Parity has a limit on how far back nodes can automatically reorg (cf. @5chdn at ethereum/AllCoreDevs - Gitter). We should better understand this mechanism. Is this supposed to be a limit on “on chain governance” (allowing nodes to automatically come to consensus on the canonical chain) that triggers the need for meatspace/developer intervention? Or is it more about resource constraints? What’s the limit and why is it set as such? Why does parity have this limit, but not geth? UPDATE: it appears that both geth and parity have such a limit.
Geth has a debug.setHead command that allows you to manually force it onto the right chain; it appears that parity does not have such a feature. Is this desirable?
It’s possible for an upgraded node in fast sync mode (geth or parity, I believe) to fast sync over a bad block which caused a fork and keep following the wrong chain. This is clearly the shortcoming for fast sync but we should discuss this in the context of forks and long reorgs - is there some way to communicate a hint to such nodes that they’re on the wrong chain?
Similarly, after a fork has occurred and there are many chains (there appear to be as many as four Ropsten chains right now, cf. ethereum/AllCoreDevs - Gitter), it’s very difficult for a node sycning from scratch to find the right chain. For one thing, it constantly tries to peer with nodes on the wrong chain; in this case it was necessary for nodes to turn off discovery entirely and manually enter a set of peers to get caught up to the right chain. Perhaps a “fork ID” as suggested by @MicahZoltu would help. Alternatively, some sort of “beacon” (not to be confused with the Eth 2.0 beacon chain, sorry for the poor choice of terms) which gave nodes a verifiable hint about the current canonical chain would help (or, alternatively, a blacklist of bad blocks or chains).
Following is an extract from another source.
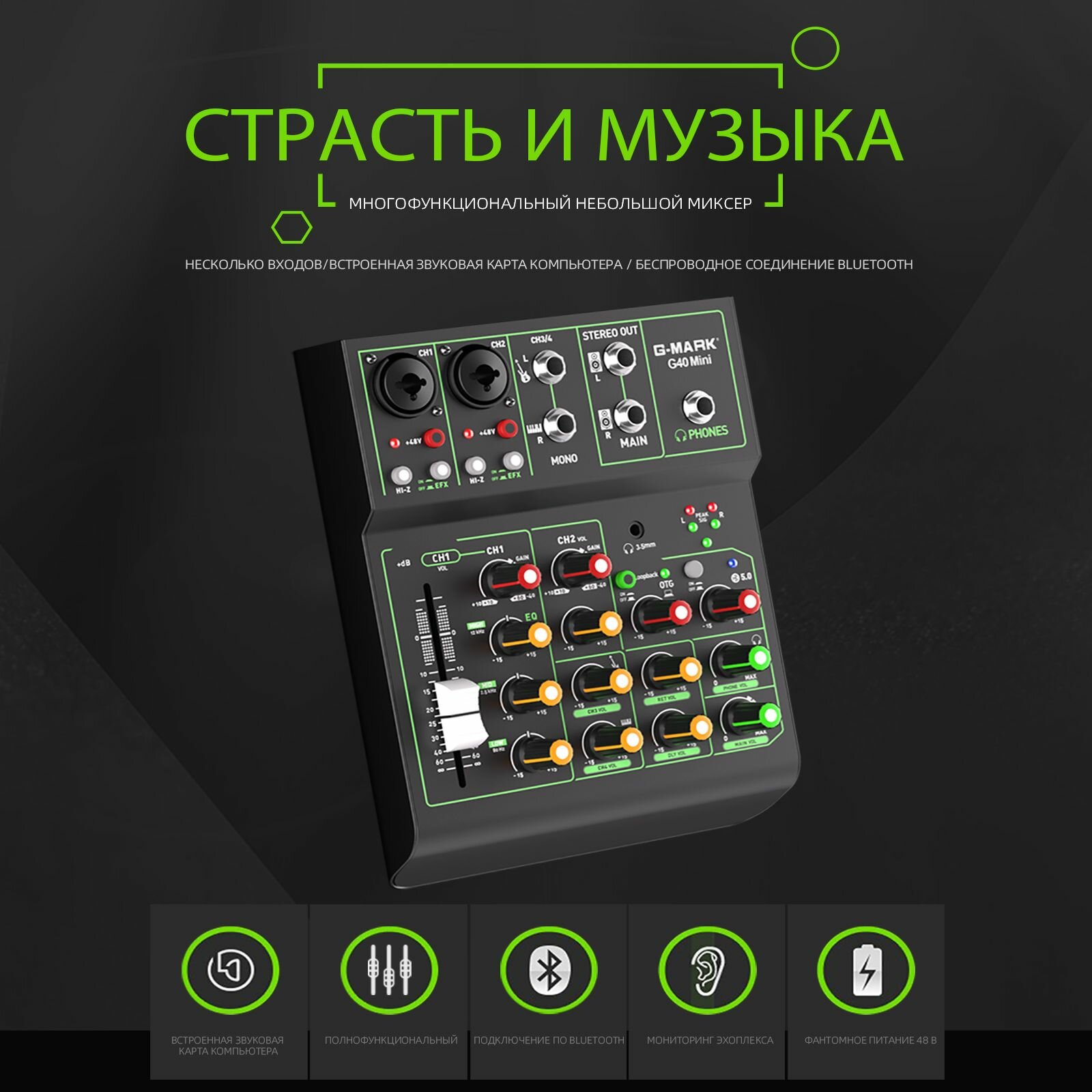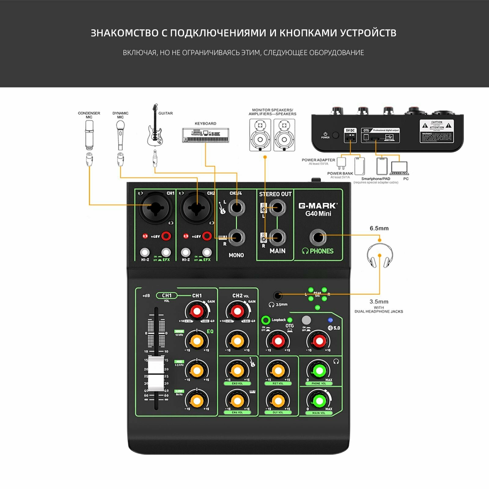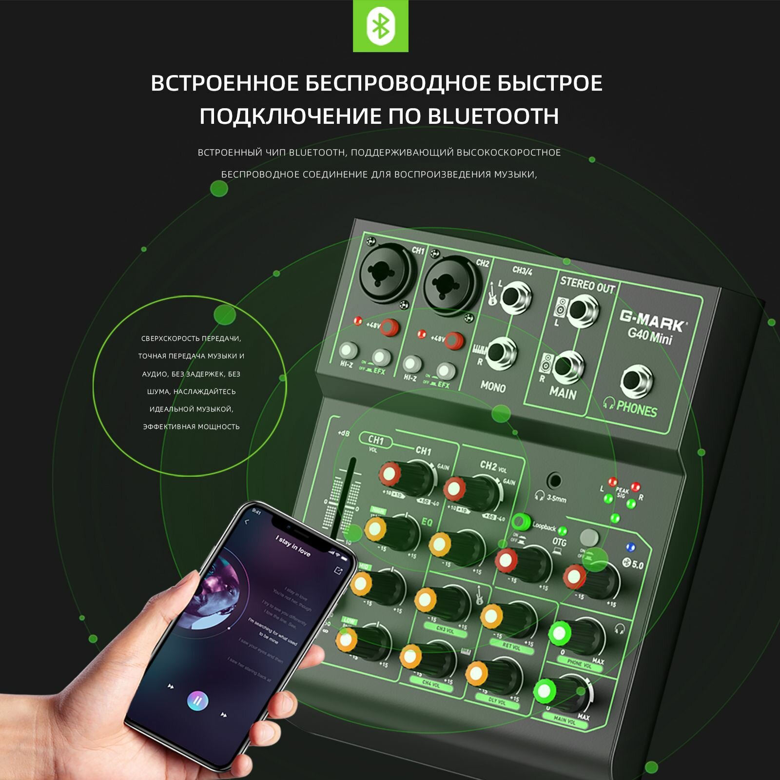 Аудиомикшер G-MARK OTG G40 Mini Metal с функцией повтора задержки включения Bluetooth 48 В интересное:

Some challenges here: @cdetrio points out that the P2P layer makes transmitting this information hard (ethereum/AllCoreDevs - Gitter), there’s the question of centralization here (who controls the beacon?), and it’s a possible DoS vector in the wrong hands.
Communication - the AllCoreDevs channel on Gitter served as our primary means of communication throughout this fork - but it’s disorganized, has no threading, and it’s difficult to find a canonical source of information (e.g., which is the current head? what’s the current block number? what’s the status of each client? what series of commands do I need to run to sync a new node to the current head? etc.). I propose the creation of a core devs “War Room” where this information can be managed going into and during an upgrade or other emergent situation. Hudson set this up, which is a great example: https://notes.ethereum.org/s/SJE9O2ksQ#
General hard fork strategy - the core devs seem to be all over the map here. @AlexeyAkhunov argues that we should roll Ropsten back to Constantinople and try the fork again. @sorpaas disagrees. Is there a minimum amount of time we need between finalizing/releasing the client code and scheduling a hard fork? Can we make sure that hard forks happen on Wednesdays rather than on Saturdays? Do we need a certain set of people to be “on call” for the fork? Is there a minimum amount of time we need to see an upgrade running successfully on a testnet before we schedule a mainnet hard fork? Which testnet? Does it need to be an “active”, PoW-based testnet like Ropsten? Do we need some escape hatch, e.g., we could send a transaction to call off or postpone a testnet hard fork if a bug is discovered?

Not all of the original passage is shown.